Dominasi PAP Terancam dalam Pemilu Singapura 2025: Isu Ekonomi Jadi Sorotan
Pemilu Singapura 2025: Pertaruhan Dominasi PAP di Tengah Gelombang Ketidakpuasan Ekonomi
Singapura menggelar pemilihan umum pada hari Sabtu, 3 Mei 2025, diwarnai kekhawatiran publik terhadap kondisi ekonomi yang memburuk dan ketimpangan sosial yang semakin terasa. Pemilu kali ini menjadi ajang pembuktian bagi Partai Aksi Rakyat (PAP) yang telah berkuasa selama lebih dari enam dekade.
Antrean panjang terlihat di tempat pemungutan suara sejak pagi hari, meskipun hujan sempat mengguyur sejumlah wilayah. Proses pemungutan suara berakhir pada pukul 20.00 waktu setempat, dengan hasil akhir diperkirakan akan diumumkan pada tengah malam. Pemilu ini berlangsung di tengah ketidakpastian global, diperparah oleh ketegangan perdagangan internasional yang dipicu oleh kebijakan proteksionisme.
Meski PAP berhasil mempertahankan kekuasaannya dalam pemilu sebelumnya, perolehan suara mereka mendekati titik terendah dalam sejarah. Partai Pekerja, sebagai oposisi utama, menegaskan komitmennya untuk menciptakan sistem politik yang lebih seimbang, di mana suara alternatif didengar oleh pemerintah.
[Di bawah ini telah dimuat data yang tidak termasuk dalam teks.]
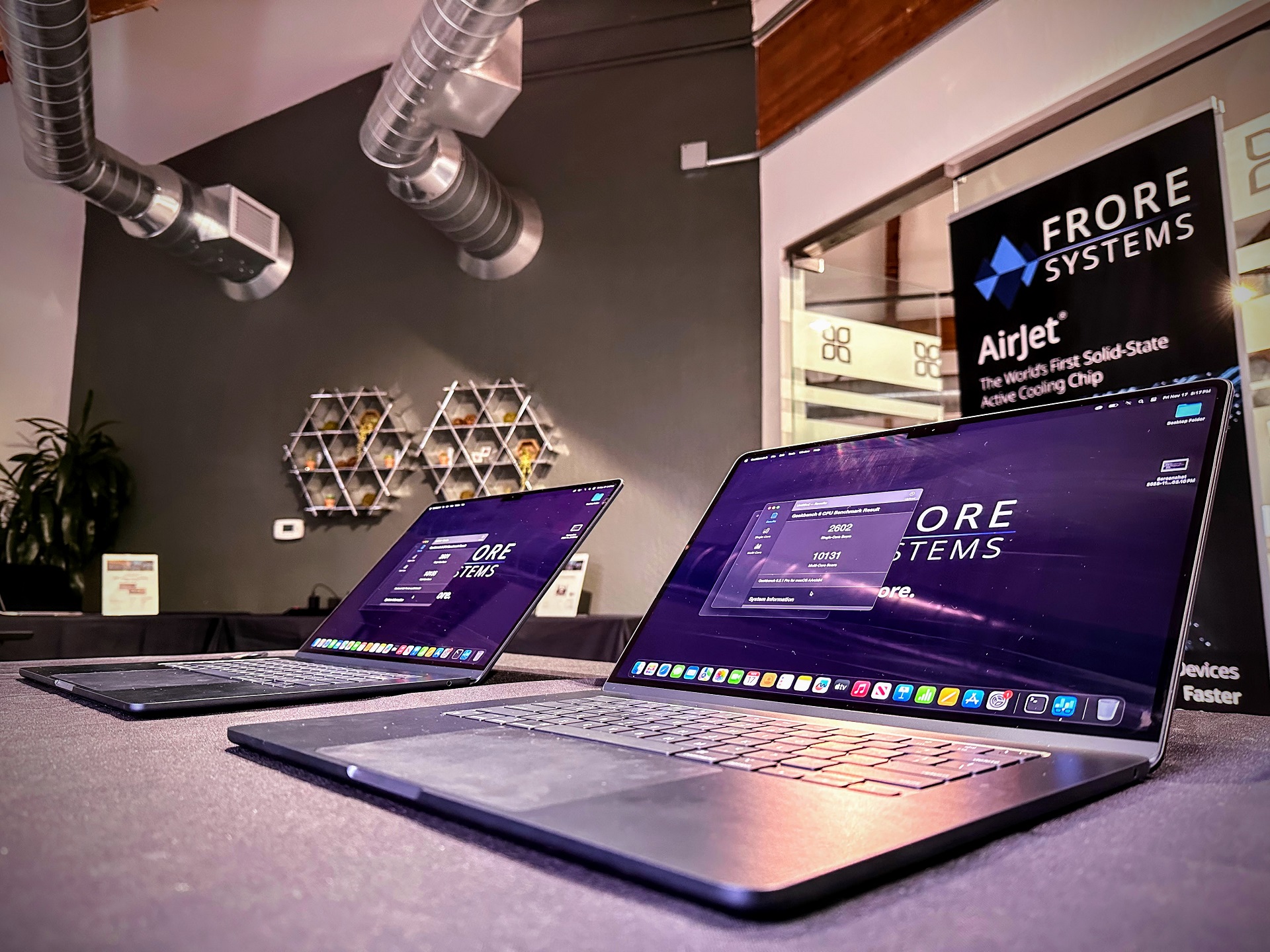 Стартап Frore Systems влаштував чергову демонстрацію можливостей ультразвукової системи охолодження AirJet. Вона, наприклад, вже була взята на озброєння компанією Zotac, яка оснастила таким кулером міні-ПК ZBox PI430AJ. Ще однією сферою застосування AirJet є тонкі та легкі ноутбуки, що компанія вирішила показати на прикладі Apple MacBook Air.

Kekecewaan Publik pada Biaya Hidup yang Meningkat
Kritik terhadap PAP semakin santer terdengar, terutama terkait dengan melonjaknya biaya hidup di Singapura. Partai Pekerja, yang mengalami peningkatan dukungan dalam beberapa tahun terakhir, berhasil menarik ribuan warga dalam rapat umum mereka, mencerminkan tingginya minat terhadap alternatif politik.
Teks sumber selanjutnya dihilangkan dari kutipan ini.